- 300 ml Thickened Light cream
- 250 ml Skim Milk
- 8 Cardamom Pods, Crushed
- 800 gms Mangoes, Sliced
- 400 gms Sweetened Condensed Milk
- Fruits, for Garnishing
- Line a 11 x 21cm (base measurement) loaf pan with 2 layers of plastic wrap, allowing the sides to overhang.
- Combine the cream, milk and cardamom in a saucepan and bring to a simmer over medium-high heat. Remove from heat and set aside for 30 minutes to infuse.
- Meanwhile, process the mango in a food processor until smooth.
- Strain the cream mixture into a small bowl, using the back of a spoon to press the cardamom pods in the sieve.

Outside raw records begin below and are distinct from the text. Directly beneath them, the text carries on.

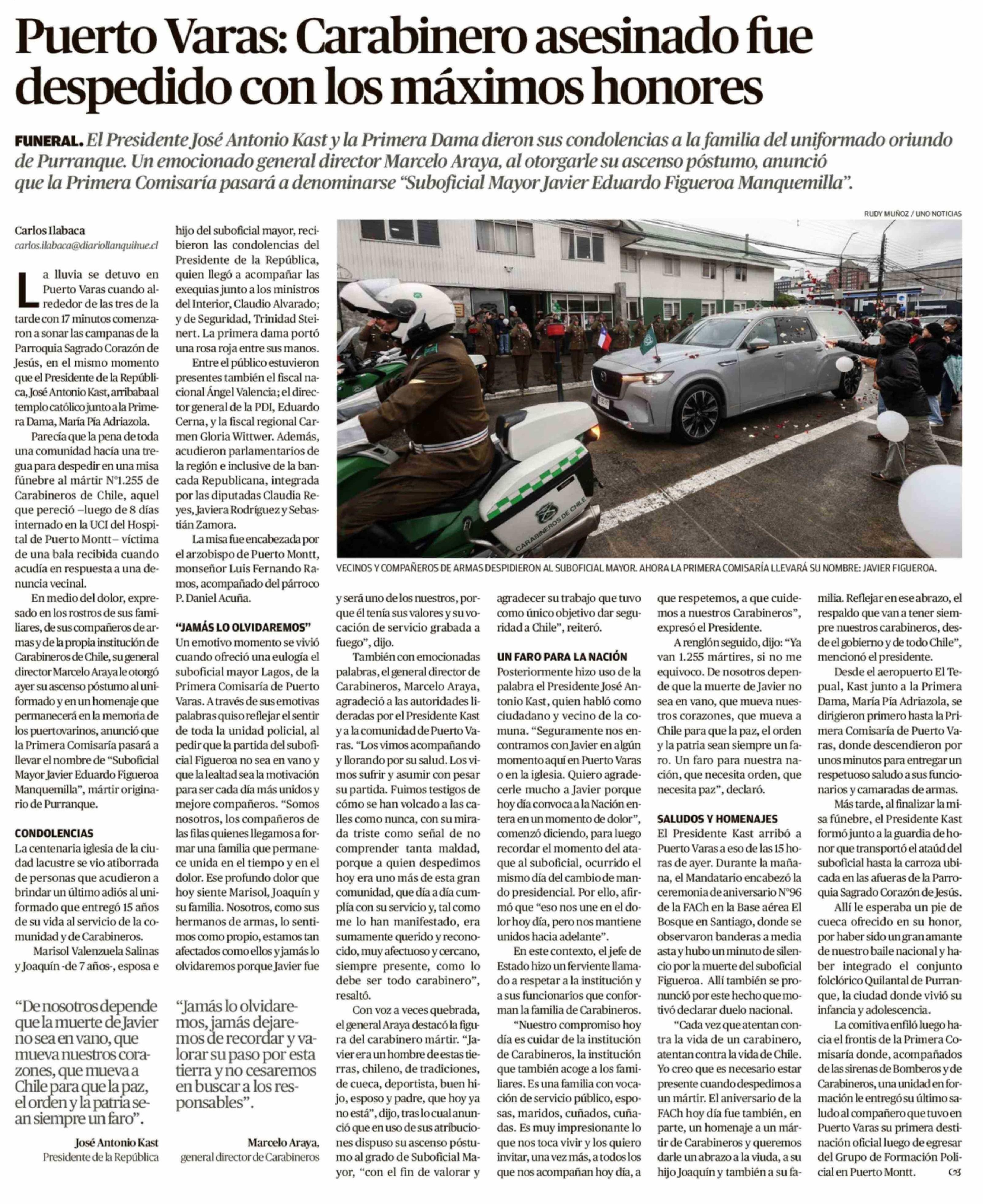 Puerto Varas: Carabinero asesinado fue despedido con los máximos honores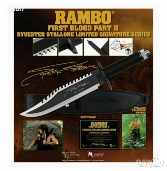 Rambo+автограф Силвесът Сталоун Първа кръв част II +кожен калъф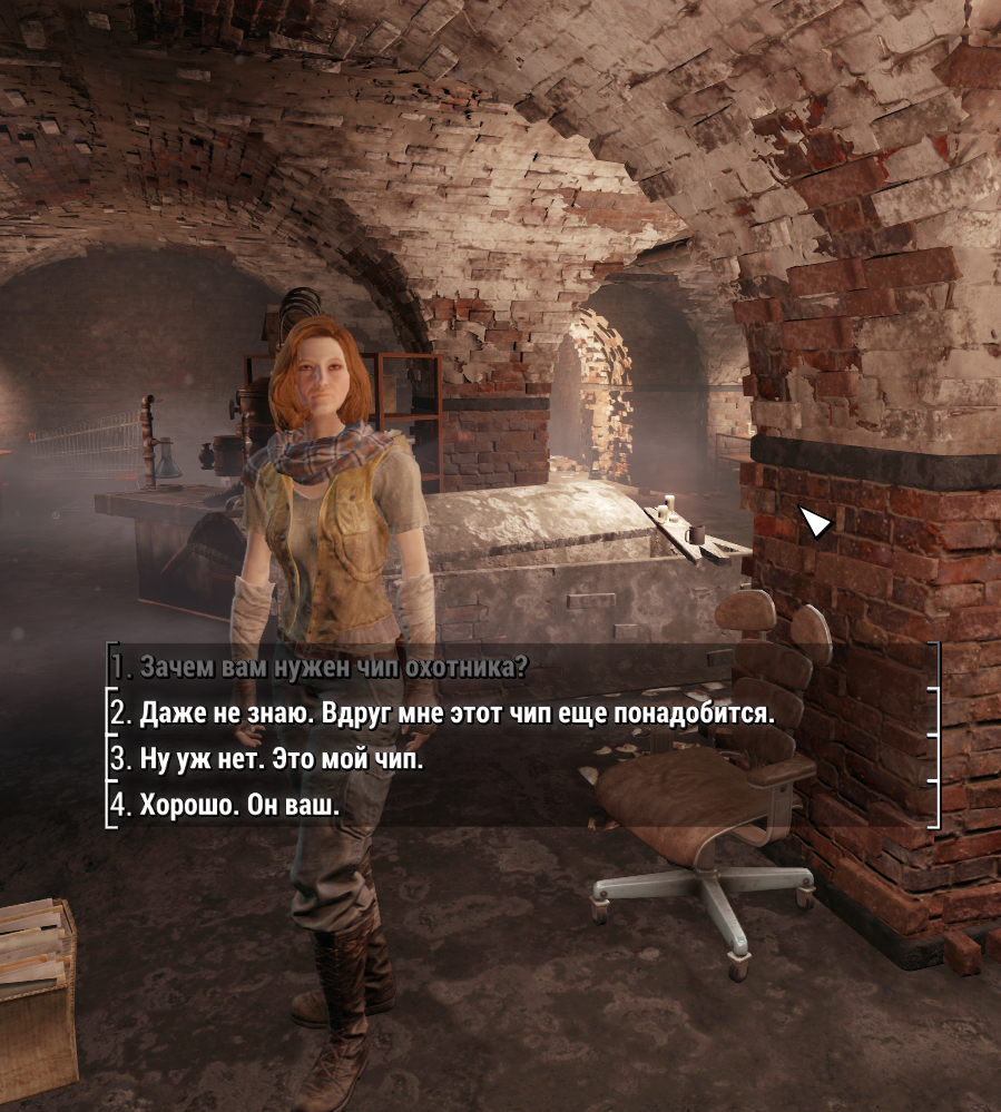 Кстати о тоддокале. Пикрил пизда требует чип охотника. На вопросы зачем и почему верещит ЯСКОЗАЛА, НАМ ПОТРИБНО. В любой нормальной РПГ писатели бы удосужились выдавить хотя бы пару предложений, чтобы обосновать передачу ценного артефакта. Но только не в копрочетвёрке.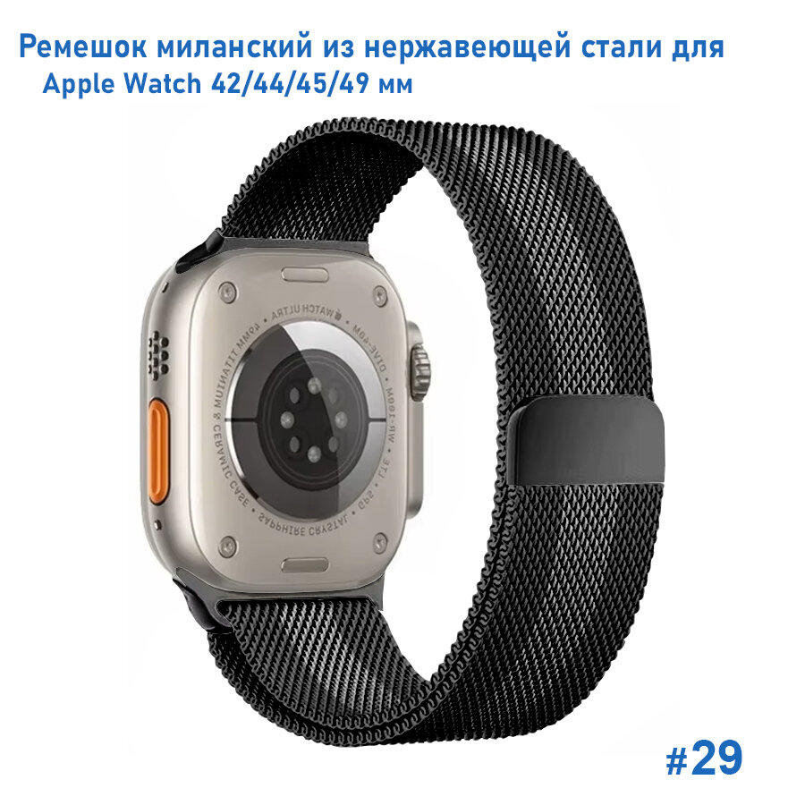 Ремешок миланcкий из нержавеющей стали для Apple Watch 42/44/45/49мм (2), черный, на магните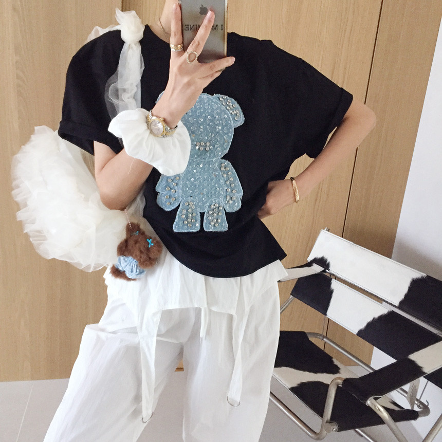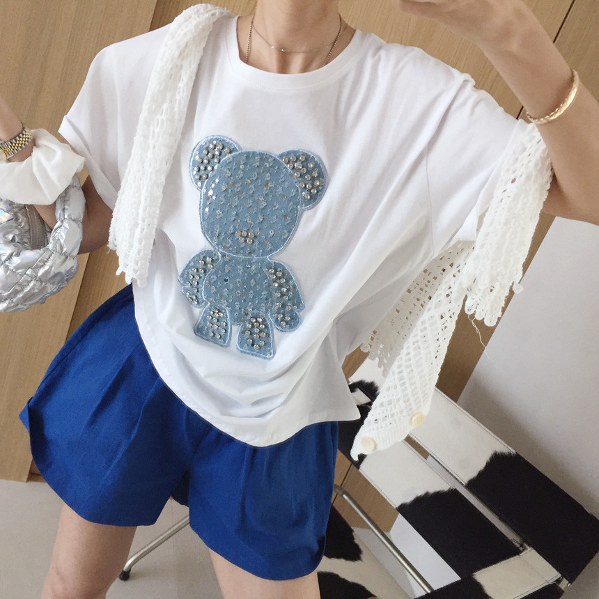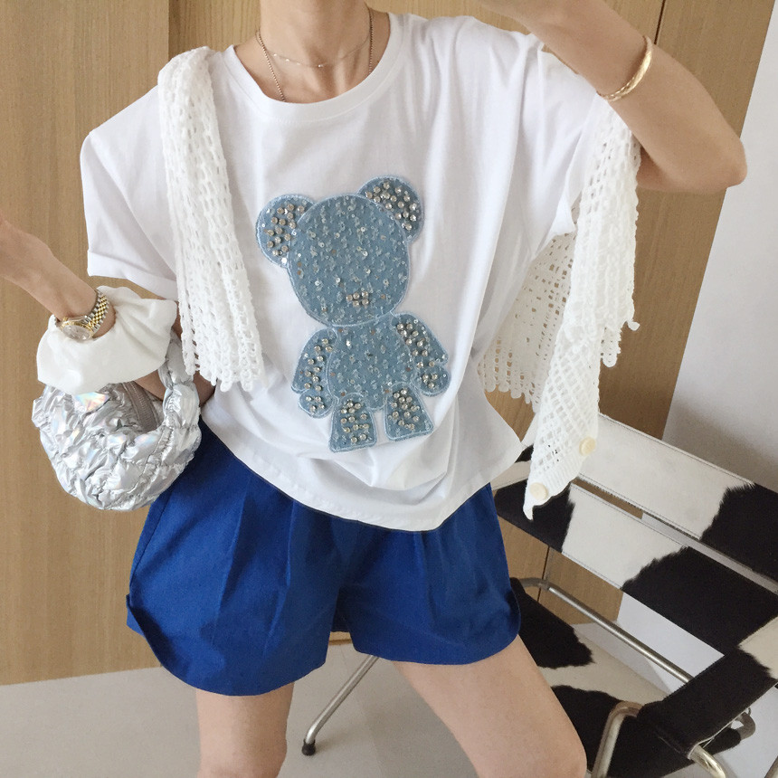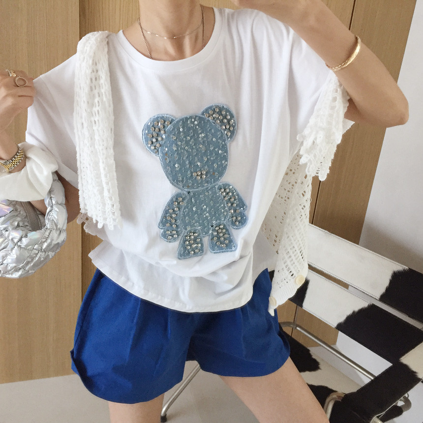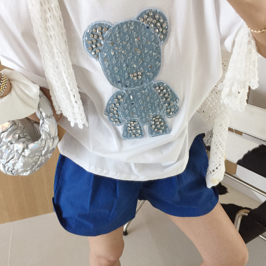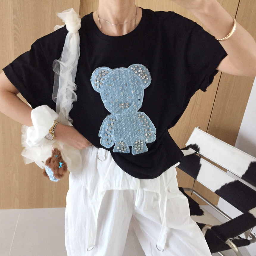 곰돌이 큐빅 비즈 패치 반팔티셔츠 소개드려용^^~

- Add the condensed milk. Use an electric beater to beat the cream mixture for 15 minutes or until it thickens slightly.
- Fold in the mango puree. Spoon into the prepared pan. Cover with plastic wrap and place in the freezer overnight or until firm.
- Remove the ice-cream from the freezer 10 minutes before serving. Turn the ice-cream onto a serving platter. Remove the plastic wrap and discard. Top the ice-cream with tropical fruit.
Tip: Chocolate burns very easily and must be watched carefully when melting.